Some of the best moments of the year were spent looking at this.

Aaarghhh.

Aaarghhh.

IMG_1174

Is it me, or has this been the "Year of Bacon"?

Is it me, or has this been the “Year of Bacon”?

Family vacation

Family vacation

I’m surely leaving out many memories of the year, but hopefully they will come back to me as we continue this process over the next few weeks.


End of Year Musings Week 4: Creation

Wednesday, Dec 21: Creation
What did you make this year? Whether something personal, like a song or some art, or a work project, share your process and the end result of your creation.

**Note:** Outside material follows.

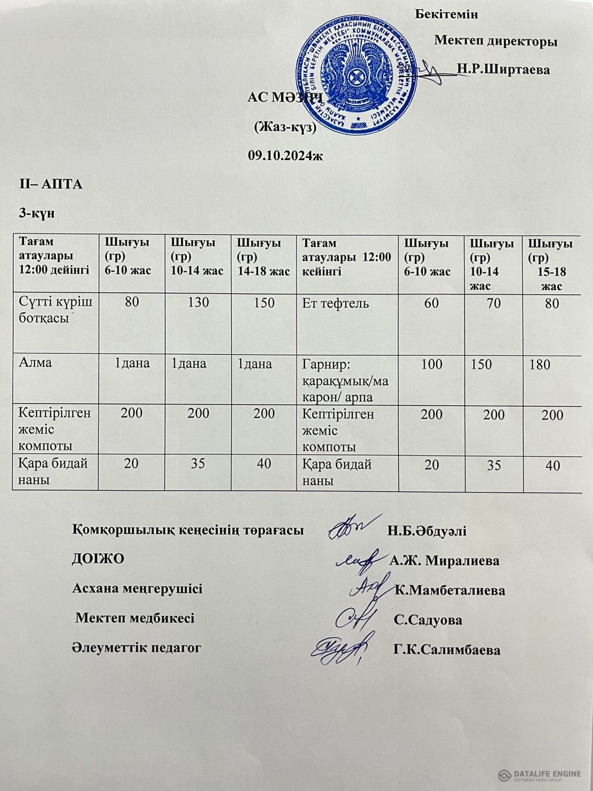 Асхана жұмысы мен күнделікті тамақтың сапасын және ас мәзірінмен сәйкестігін тексеріп , асхана тазалығына бақылау жүргізілуде. Күнделікті дайындалған тағам ас мәзірімен сәйкестендірілген. 2 апталық ас мәзірі бекітіліп , әр сыныптың тамақтану кестесі жасалынды. Тамақтану залында әр сыныптар үшін жеке үстелдер қойылған.
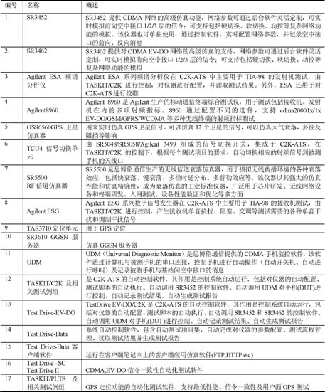 表2 CDMA手機(jī)入網(wǎng)測(cè)試實(shí)驗(yàn)室測(cè)試所需設(shè)備及軟件

I worked a lot on my novel, Erasable You, this year. I tend to write like a spider spins a web. I have ideas that I put down and then spin around them. It’s slow going. I’m not the kind of writer who can just sit and bang the whole thing out in one linear process. The name of the school is still up in the air. Its nickname is “East Plastic Jesus” Academy because of a tradition where all the fifth graders go through a kind of rite of passage. There’s a big ceremonial mass, and they each receive a cheap plastic rosary. But I’m not married to that concept…still working on it.

 

Here then, are the first few pages:

 

No one had ever accused Annabel DiLuca of being unprofessional.  In fact, they often found her quite the opposite, a bit of a stickler.  A perfectionist, an if-I-want-it-done-right-I’ll-just-do-it-myself-then kind of person, in short, a pain in the ass.  This perfectionism, though it served her well professionally, tended to make her push things too far, and being an impetuous person, Annabel often found herself in the wrong place. Annabel’s shrink, the caterpillar-moustached Dr. Anson Harrington, whom she hadn’t seen in years, had once blamed it on her broken childhood.  While her juvenile days had certainly been happy ones, with a loving father and a doting grandmother, her mother had been more or less absent, removed from Annabel’s life by a speeding late-model Chrysler Belvedere on a Saturday afternoon in 1976.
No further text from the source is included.